A statement is libelous and not protected by the First Amendment if it is made with “actual malice” and if it tends to expose one to public hatred, shame, obloquy, contumely, odium, contempt, ridicule, aversion, ostracism, degradation, or disgrace, or if it induces an evil opinion of one in the minds of right-thinking persons, or if it causes one to be shunned and avoided in society.

2. Obscene or obscenity—

The average person, applying contemporary community standards would find that it, taken as a whole, appeals to prurient interest;

It depicts or describes, in a patently offensive way, sexual conduct currently defined by Maryland law [27 Anno. Code of Md. §§ 416, 417];

Taken as a whole, it lacks serious literary, artistic, political or scientific value.

*382The Supreme Court has set forth the following examples of what types of materials can be prohibited as obscene:

“(a) Patently offensive representations of descriptions of ultimate sexual acts, normal or perverted, actual or simulated.
(b) Patently offensive representation or descriptions of masturbation, excretory functions, and lewd exhibition of the genitals.” (Miller v. California [413 U.S. 15 at 25], 93 S.Ct. [2607] at 2615 [, 37 L.Ed.2d 419]) These examples are adopted herewith as part of this policy.

3. Distribution—

A substantial dissemination of literature in any form which is thus made generally available to students. This includes the posting of literature in areas of a school which are generally frequented by students. The principal will require submission of literature for prior review when there is to be such a substantial distribution of literature, so that it can be reasonably anticipated that in a significant number of instances there would be a likelihood that the distribution would disrupt school operations, or in order to determine whether such material is libelous or obscene as defined in this policy.

. For example, the regulation curiously appears to require the prior approval only of “free” student literature which is not officially recognized as a student publication. We can perceive no constitutional basis for distinguishing between commercial literature and “free” literature. Also, we find no clear purpose in the inclusion of Maryland’s criminal statutes on obscenity in sections (d), (e), and (f) of Rule 5130.1. Finally, we have some doubts about the adequacy of the publication provision of Rule 5130.1(b), since it merely requires that “a copy of this policy shall be made available to all students in a readily accessible and announced location in each school building.” We believe that a more effective notice would be attained through inclusion in official publications of the school or circulated to students in the same manner as other official materials, circulars, or bulletins.
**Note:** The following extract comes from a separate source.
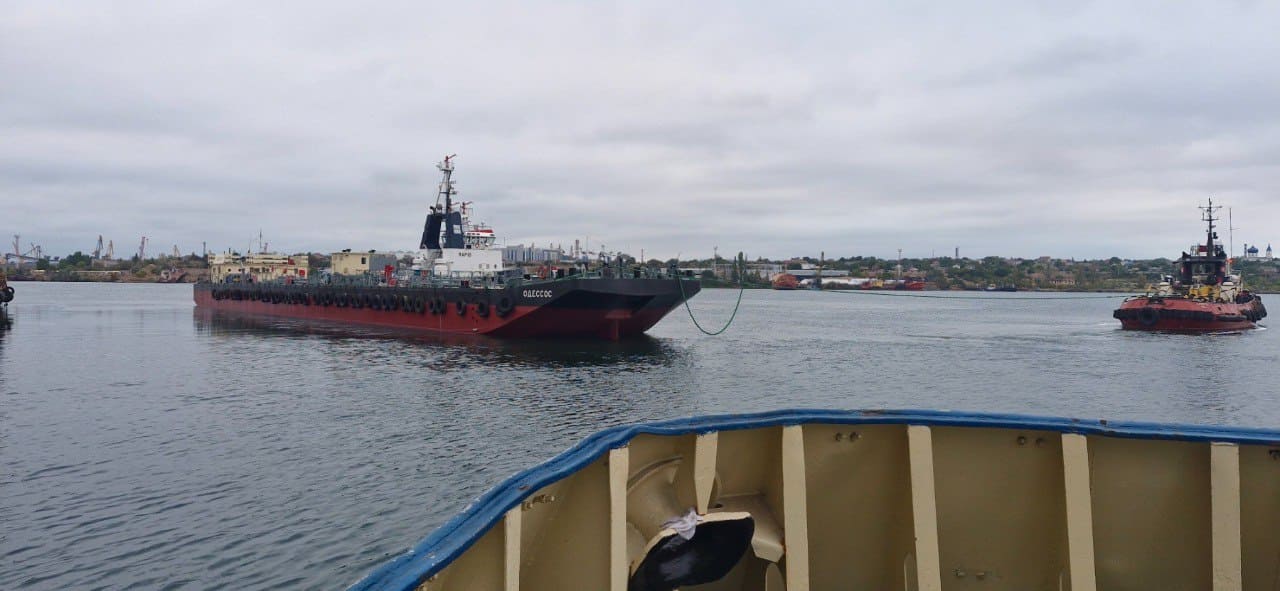 02.10.2025 – була здійснена буксирна операція по перегону стоянкового нафтоналивного судна «ОДЕССОС» з акваторії п. Чорноморська до п. Південний.

. We also note that to punish, ipsa dixit, a student who publishes literature which may have suffered improper prior restraint, places the student on his own peril and the resulting chill on First Amendment activity would be intolerable.

. Rule 5130.1(b) .provides:

In each secondary school, and in each elementary school for the students who have demonstrated the maturity needed to participate effectively, a Student-Faculty Relations Committee should be established consisting of an equal number of faculty and students chosen by their respective groups for the purpose of receiving recommendations and discussing concerns. The President of the Student Council shall be a member of this committee, with all other students in the school eligible for membership. The method of selection and number shall be determined by the Student Council of each school.





Concurrence Opinion

BRYAN, Senior Circuit Judge

(concurring):

I have had considerable difficulty with this case because of the problems logically arising in the conflict between the effectuation of the school authorities’ bona fide aim and the restrictions of the First Amendment. In ordering four rewrites of the School Board’s regulations, District Judge Northrop scrupulously endeavored to avoid a trespass upon student rights. I concur in the present opinion of the Court because it provides a clear and explicit chart by which the District Court and the Board may achieve their object and yet not trample upon the students’ First Amendment privileges.